You can further provide a composition of different choices also as an array-like list. The way this composition works is that every entry in the passed list can be either: one of the base preset str options, a specific column name, or a substring wildcard.

The selected columns can then be thought of as a combination of these three types, where the output will be the same as if took the union from any of the preset keys, specific key names and the columns selected by the wildcard. For example, assuming we have the same loaded columns as above, and that ‘name2’ is the only loaded feature with datatype ‘float’:

scope = ['float', 'name1', 'something']

# 'float' selects 'name2', 'name1' selects 'name1', and wildcard something selects 'somethingelse3'
# The union of these is
selected_columns = ['name2', 'name1', 'somethingelse3']

# Likewise, if you pass multiple wildcard sub-strs, only the overlap will be taken as before
scope = ['float', '3', 'name']

selected_columns = ['name2', 'name3']

Scopes more generally are associated 1:1 with their corresponding base Model_Pipeline objects (except for the Problem_Spec scope). One useful function designed specifically for objects with Scope is the Duplicate Inute Wrapper, which allows us to conviently replicate pipeline objects across a number of scopes. This functionality is especially useful with Transformer objects, (though still usable with other pipeline pieces, though other pieces tend to work on each feature independenly, ruining some of the benefit).

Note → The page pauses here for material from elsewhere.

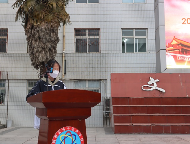 升旗完畢,商務21251班藺嬌嬌發表國旗下講話,她用鏗鏘有力的聲音代表全體學生表態,新學期要堅定理想信念,規范自身言行,做文明的新時代好青年;要快速、穩步進入學習狀態,確立新目標,制定新規劃,通過不懈努力實現美好夢想。

For example consider a case where you would like to run a PCA tranformer on different groups of variables seperately, or say you wanted to use a categorical encoder on 15 different categorical variables. Rather then having to manually type out every combination or write a for loop, you can use Duplicate.

See Duplicate for more information on how to use this funcationality.

Extra Params

All base Model_Pipeline have the input argument extra params. This parameter is designed to allow passing additional values to the base objects, seperate from Params. Take the case where you are using a preset model, with a preset parameter distribution, but you only want to change 1 parameter in the model while still keeping the rest of the parameters associated with the param distribution. In this case, you could pass that value in extra params.

extra params are passed as a dictionary, where the keys are the names of parameters (only those accessible to the base classes init), for example if we were selecting the ‘dt’ (‘decision tree’) Model, and we wanted to use the first built in preset distribution for Params, but then fix the number of max_features, we could do it is as:

model = Model(obj = 'dt',
              params = 1,
              extra_params = {'max_features': 10})

Custom Input Objects

Custom input objects can be passed to the obj parameter for a number of base Model_Pipeline pieces.

There are though, depending on which base piece is being passed, different considerations you may have to make. More information will be provided here soon.

Subjects

Various functions within BPt can accept subjects as an argument. The parameter can accept a range of values.

First, you may pass the location to a text file with subject names seperated one on each line.

Secondly, you can pass any array-like (e.g., list, set, pandas Index, etc…), to pass an explicit list of subjects.

There are also a few reserved str key words which specify pre-defining groups of subjects. These are: ‘all’ to select all valid loaded subjects, ‘train’ and ‘test’ which specifies that the full set of globally defined training subjects, or testing subjects be used. See Define_Train_Test_Split.

Lastly, you can consider passing special input wrappers.

These are Value_Subset and Values_Subset. See each for more details on how they can be used.